AtelierClockwork

Know When to Punt

December 17, 2015

Which I’m Not Good at

Sometimes I hit a problem which is significantly more effort than it looks to be at first glance. Sometimes it was underestimating difficulty, sometimes due to unexpected limitations with tools, sometimes paying back technical debt, or any number of other reasons.

Often it involves cursing my past self in some way.

One skill that I’m attempting to cultivate is figuring out if the underlying problem is part of the original task, or if it’s an unrelated bug or a bigger task that needs to be planned properly.

For example, I was working on a bug involving a table view not showing any content if the view was loaded too quickly after log in. After adding some notifications to the login process, I got the view to load data when the final data set from log in was pulled.

This then exposed a series of edge cases involving the reload spinner, the empty state for the table view, and a fetched results controller. I tried the easy fixes and got the view to a state that’s fully functional and doesn’t look awful as it reconciles the state involved, but it still has a visual hiccup I’m not fond of.

Making it work right is going to take a refactor of the view controller and some structural changes to the view hierarchy, which isn’t too large of a task but involves the potential to introduce new bugs to fix a visual defect in an edge case.

I was sorely tempted to just tear apart the bits of the view, do the refactor, and pull request it because it would fix the new problems that I had found.
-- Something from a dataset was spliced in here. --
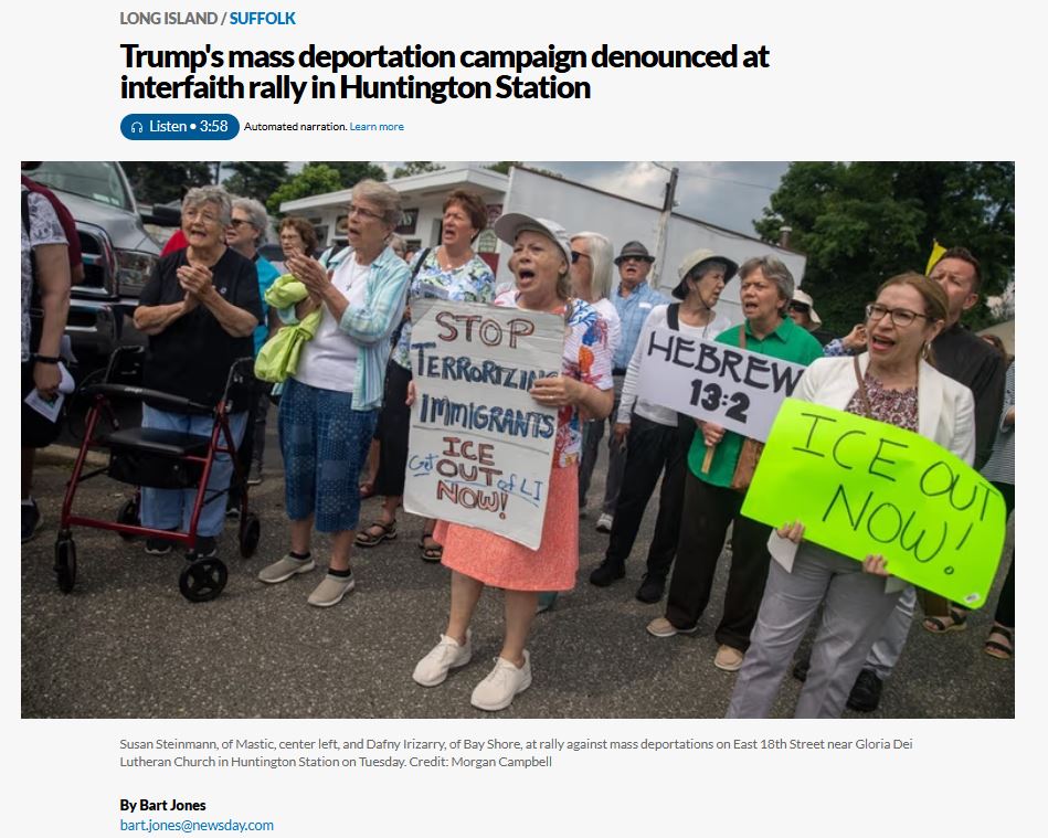 Below are links to ad your name to the petitions to join a growing chorus of Long Islanders standing for justice, including 215 LI faith leaders who have signed on to a joint letter condemning ICE’s actions.

Instead, I pull requested the fix that got the page into a decent shape with the fewest required changes to the code, and filed an issue in our project management system about the visual issues, and an outline of my proposed solution in the comments.

This then freed me up to stop thinking about the problem, and move onto the next high priority issue that needs to be addressed before the app can ship. It also gets the problem in front of the project manager to decide where it falls in priority order compared to the other features and bugs that need to be addressed.